Should Syrian Refugees Be Fed to Polar Bears?
The growing Syrian refugee crisis (nearly two million externally displaced in overcrowded and insecure camps) has created a controversy over what role, if any, the United States play in the situation. Very recently, Canada has announced that it will begin resettling some of the most vulnerable refugees within their borders and many are now looking for the U.S. to follow suit. Recently, I shared on my own blog an article about this crisis which raised the prospect of resettling Syrian refugees within the United States and I was shocked to see the level hostility which this idea created.
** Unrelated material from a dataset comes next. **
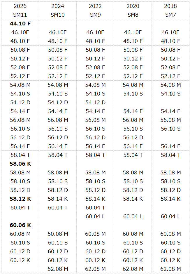 また、興味深いことに、これまで58.14KだったのがSM11では58.12Kにアップデートされています。これらは、新しいラインナップにおける重点モデルであることを示していて、ギア好きにとっては見逃せないポイントです。

Let me say first that I cannot help but feel somewhat embarrassed to be a citizen of the same country as many of the people who have voiced such racist and evil comments regarding the relief and resettlement of Syrian refugees. Sometimes I wonder what has happened to this nation. For years I have been hearing from fellow Christ-followers about how our nation has drifted from it’s original, godly foundations by the promotion of abortion rights, the degradation of marriage, and the like. What must be understood however is that the growing, anti-immigrant sentiment in this nation is just as much a departure from the great American tradition as anything else. Our hatred of aliens and foreigners is a moral collapse not less severe than anything evangelical Christians have spoken out against in recent memory.
To give you a taste, one commenter suggested that resettling Syrian refugees in the United States would mean bringing thousands of new terrorists into the country. One thought that this was simply a tactic of Barack Obama to get additional voters. Another suggested instead that the 1.6 million Syrian refugees should rather be shipped to the North Pole to feed starving polar bears. Still another believed that not only should we not accept Syrian refugees into the US but that we should send “our Mexicans” over there.
Sick. Disgusting. It is difficult to imagine lower forms of humanity.
Most disciples of the Lord Jesus are quite familiar with what he called the second greatest command: “Love your neighbor as yourself” (Matthew 22:39). We are also familiar with the story that Christ told to illustrate what obedience to this command looks like (Luke 10:30-7). What we are less aware of is the fact that the famous parable of “The Good Samaritan” is the tale of an immigrant who behaves in a more Christ-like way than the local religious elite. I have little doubt that in the current American evangelical context, the Lord would make the hero either an undocumented Mexican or rather a Pakistani Muslim immigrant. And who would play the role of the priest, the Levite, the scribe? Perhaps an evangelical pastor, a middle class suburbanite, or a congressman? Perhaps someone a lot like you and me?
Do you know this command?
“Love the immigrant as yourself” (Lev. 19:34).
Jesus did. Perhaps that has something to do with why he told the story the way he did.
My ancestor, Johannes Lorentz came to this nation in 1710 as a refugee from the region of Germany called the Palatinate. Information suggests that he converted to Protestantism during his lifetime and consequently left his homeland with his family to escape persecution. Originally arriving in New York, he later settled in New Jersey and established a life for himself, built a house, helped to plant a German-speaking church, and multiplied into many different branches of Lorentz, Lowrance, and Lorance clans throughout this nation. This is the classic American story. But sometimes I wonder if this is who we are anymore.